The border between security and inconvenience

We are all used to undertaking a balancing act between security and incovenience. When we fly, we accept (for the most part) that it is necessary to go through all those hurdles to get to the plane, as long as they don't become too personal or take too long. On the news last night we heard how Christians in Egypt, about to celebrate Christmas, have had to install metal detectors at the entrance to their churches because of attacks by radical Muslims. Again, they might not be happy with the measure, but they think it is worth the inconvenience for the added security. Well, I've got an example where I don't agree.

It's nothing so serious or life threatening - just a matter of internet security. But it's very irritating.

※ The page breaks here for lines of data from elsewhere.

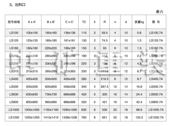 出料口的結(jié)果表示如下圖,系由鋼板折成的方形管及法蘭焊接而成,不帶能關(guān)閉的出料口控制機(jī)構(gòu),在使用時(shí)將出料口焊于機(jī)殼上,其法蘭面與溜槽法蘭相連,裝配出料口的機(jī)殼還應(yīng)按出料口的內(nèi)孔尺寸開(kāi)孔。
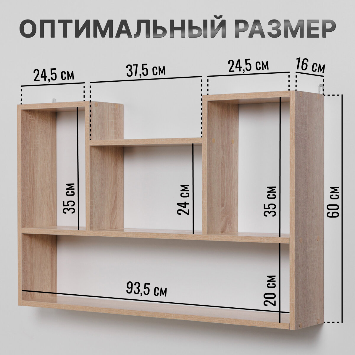 Полка настенная навесная универсальная, Дуб Сонома, 93,5х60х16 см, ЛДСП информация: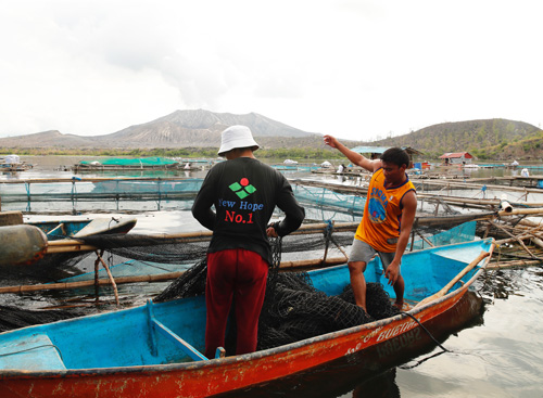 タール火山が再び大規模噴火する可能性が報じられ、タール湖で養殖されている魚の水揚げを急ぐ漁師たち=5日にバタンガス州ラウレル町で撮影(EPA=時事)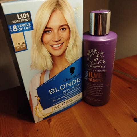 Nu med en ny stärkande anti-yellow efterbehandling som tillför intensiv näring och gör hårstrån mindre benägna att brista: Håret är 5 X starkare**. Formulan är dessutom berikad med lila färgpigment för att förebygga gula skiftningar i håret. ** Instrumentellt test.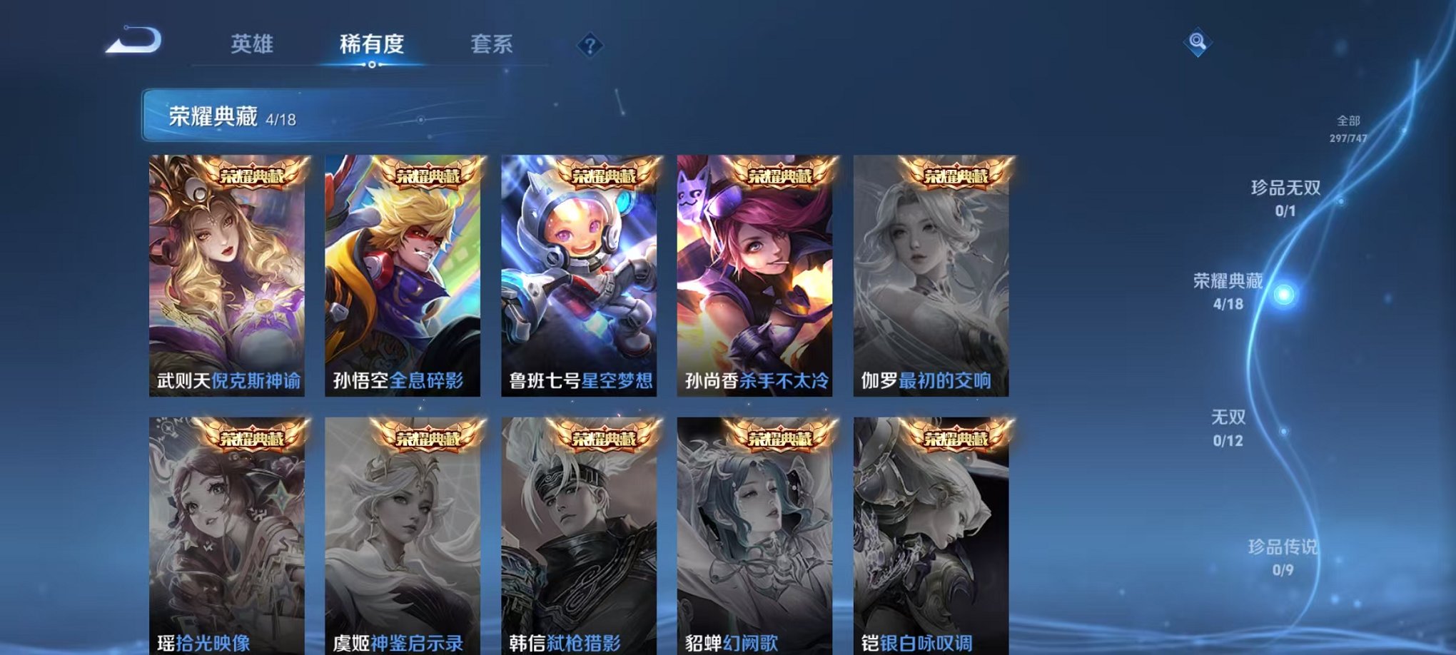 【v10 297皮肤5水晶22传说可秒换绑】安卓qq-122英雄-297皮肤【5水晶】武则天 全息碎影 星空梦想 杀手不太冷 倪克斯神谕【星元皮肤】零号雷霆【传说皮肤】武圣 凤求凰 乘龙·淬吴钩 觅芳踪 祈雪灵祝 炽阳神光 海洋之心 白虎志 黄金狮子座 超时空战士 猫影幻舞 久胜战神 黄金射手座 冠军飞将 绛天战甲 一念神魔 末日机甲 地狱火 零号·赤焰 云鹰飞将 启明星使 时雨天司【史诗皮肤】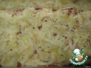 Свеклу, редьку, яблоко, сыр натереть по-отдельности.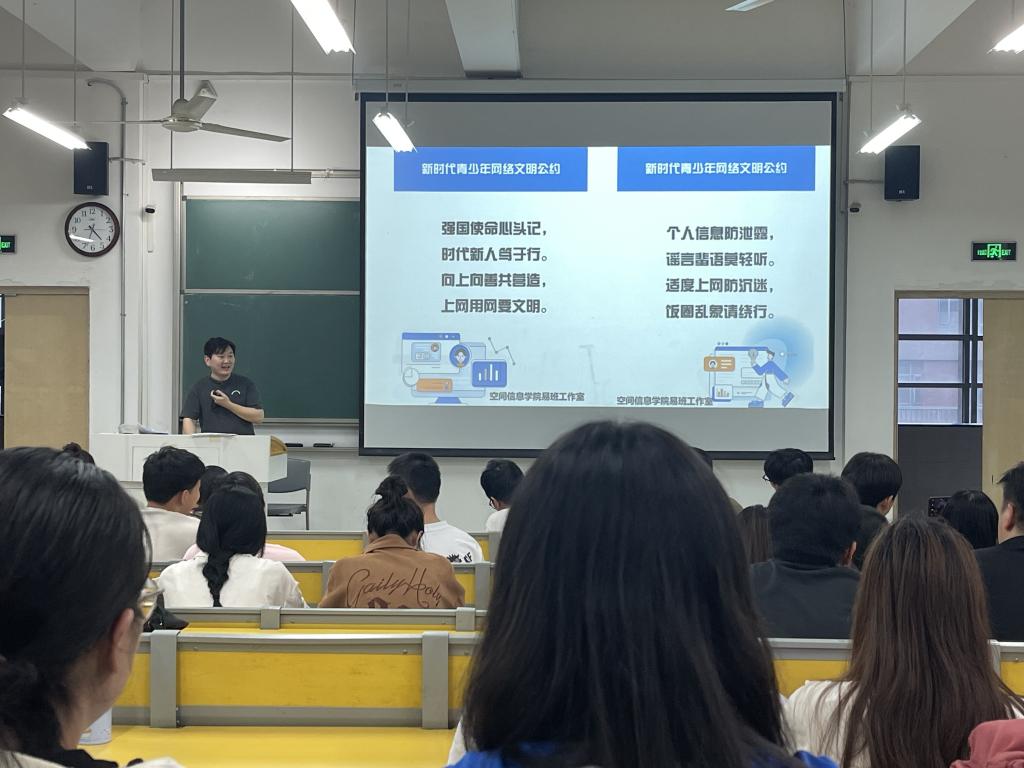 各班级分别召开“网络安全靠你我”主题班会,班级同学共同观看防范网络诈骗视频资料,同时,学生积极参与《2023年度大学生网络素养能力提升大课堂》线上学习,提升安全用网、文明上网的能力素养。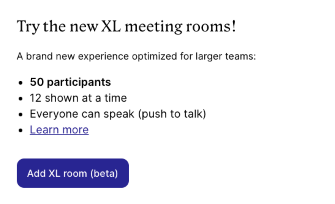 Extra Large rooms are still in Beta, meaning that we may make smaller tweaks to the experience without notice and you may experience bugs.

My bank (I won't name them, but the picture is a bit of a give-away) has recently introduced a system for business accounts where, instead of providing a second password, you now enter an 8 digit number generated by a calculator-like electronic keypad. To do this, you have to insert your bank card into the keypad, enter your PIN, read off the number and type it into the computer. If you try to make an online payment it is even more stringent. Here, as well as the PIN, you have to enter into the keypad the account number you are paying to and the amount to be paid.

When this was first mentioned, I was quite excited. I like a bit of technology, and it felt rather James Bond. However - I check my bank account every day, and after a few days it has become intensely tedious. Where with my personal account I can pop in the passwords in seconds, here I have to find the reader, dig out my wallet, get out the debit card, shove it in, and go through that process. It's a pain.

Furthermore, one of the great things about internet banking is flexibility. If I had an emergency, I used to be able to pull up my bank account on my phone screen and undertake a transaction even if I were giving a seminar in Edinburgh. Now, unless I think to take the keypad with me wherever I go (highly unlikely) I can only do my business banking from my desk.

Without doubt this is stronger security than the old system, but was the old system really so bad? If it is so bad, why is it still good enough for my personal account? The second password, where you have to select three random characters and enter them in drop down lists seemed pretty bulletproof. This is one example were the balance between security and practicality has tipped too far. I want my convenience back, please.


  1. Right there with you, Brian. Same bank, same issues. I honestly can't see why the need for extra security for business account over a personal account. As Hannibal Lecter once said, tedious, very tedious.

  2. Perhaps, John, it's just that they are trying it out on the (many fewer) business accounts, and if they can get away with it will introduce on personal accounts too...

  3. Interesting Brian...I bank with Barclays who have used this thing for personal and business banking for years. I like it because it makes me feel all warm and snuggly. We use it too for our business banking. We like the security it offers, but perhaps how much you value security depends upon your balance?